Google Employee Fired for Building an Open‑Source Google Workspace CLI

Google Employee Fired for Building an Open‑Source Google Workspace CLI

A Google Engineer Was Fired for Publishing an Open‑Source Workspace CLI

The key takeaway: A Google employee was dismissed after creating a community‑driven Google Workspace command‑line interface (CLI) that gained massive attention, underscoring how corporate policies can clash with open‑source innovation and how the incident preceded Google's own announcement of an official Workspace CLI.


The CLI’s Rapid Rise Demonstrated Real Demand

  • The CLI was released as an open‑source project on GitHub and amassed thousands of stars within days.
  • It attracted many thousands of users who adopted it for automating Google Workspace tasks.
  • The project hit #1 on Hacker News, indicating strong community interest and validation of the tool’s utility.

Google’s Internal Reaction Shifted From Curiosity to Legal Scrutiny

  • Senior directors and leaders initially asked the engineer, "what can we learn from the tool?" showing early curiosity about its capabilities.
  • The legal team later intervened, questioning the use of Google’s logo and brand colors in the public repository, which violated internal branding guidelines.
  • The escalation suggests that while the tool was technically impressive, its public branding triggered compliance concerns.

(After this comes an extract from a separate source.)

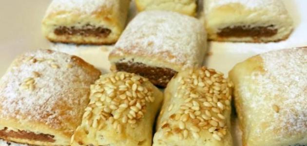 - نأخد قطعة من العجين بحجم البيضة ونفردها بشكل عرضي ونضع بداخلها التمر المشكل بحيث يتساوى طول التمر مع طريقة فرد العجين.

The Underlying Fear Was Not the CLI Itself

  • According to the engineer, the backlash stemmed from a broader fear of disruption within the Workspace organization.
  • Leadership appeared uneasy about unauthorized agents that could change how Workspace services are accessed and automated.
  • The incident reflects a tension between internal control and external developer empowerment.

Timing Made the Situation Ironic

  • Two days before the termination, Google Cloud Next announced that an official Google Workspace CLI was in development.
  • The official announcement highlighted that Google recognized the market need the open‑source CLI had already proven.
  • The engineer’s firing, therefore, occurred just as Google was preparing to launch its own solution, emphasizing a disconnect between internal policy enforcement and product strategy.

Personal Impact and Reflection

  • The engineer spent nearly seven years at Google, describing the experience as “incredible” and noting strong support from teammates and a manager during the final months.
  • Publishing the story serves both as a personal healing process and as a public record of the challenges faced when navigating corporate policies while contributing to open source.

Lessons for Developers and Companies

  1. Open‑source contributions can surface unmet product needs – The rapid adoption of the CLI demonstrated a clear demand that Google later acknowledged.
  2. Branding and licensing compliance are non‑negotiable – Using corporate trademarks in public repositories can trigger legal action, regardless of the tool’s merit.
  3. Internal advocacy is crucial – Early engagement with leadership may help align unofficial projects with official roadmaps before they become contentious.
  4. Companies should anticipate community‑driven solutions – When a problem is evident, external developers may fill the gap quickly, prompting companies to act faster on official offerings.

The engineer’s account provides a rare glimpse into the friction between open‑source innovation and corporate governance, illustrating both the power of community‑driven tools and the risks employees face when navigating brand policies.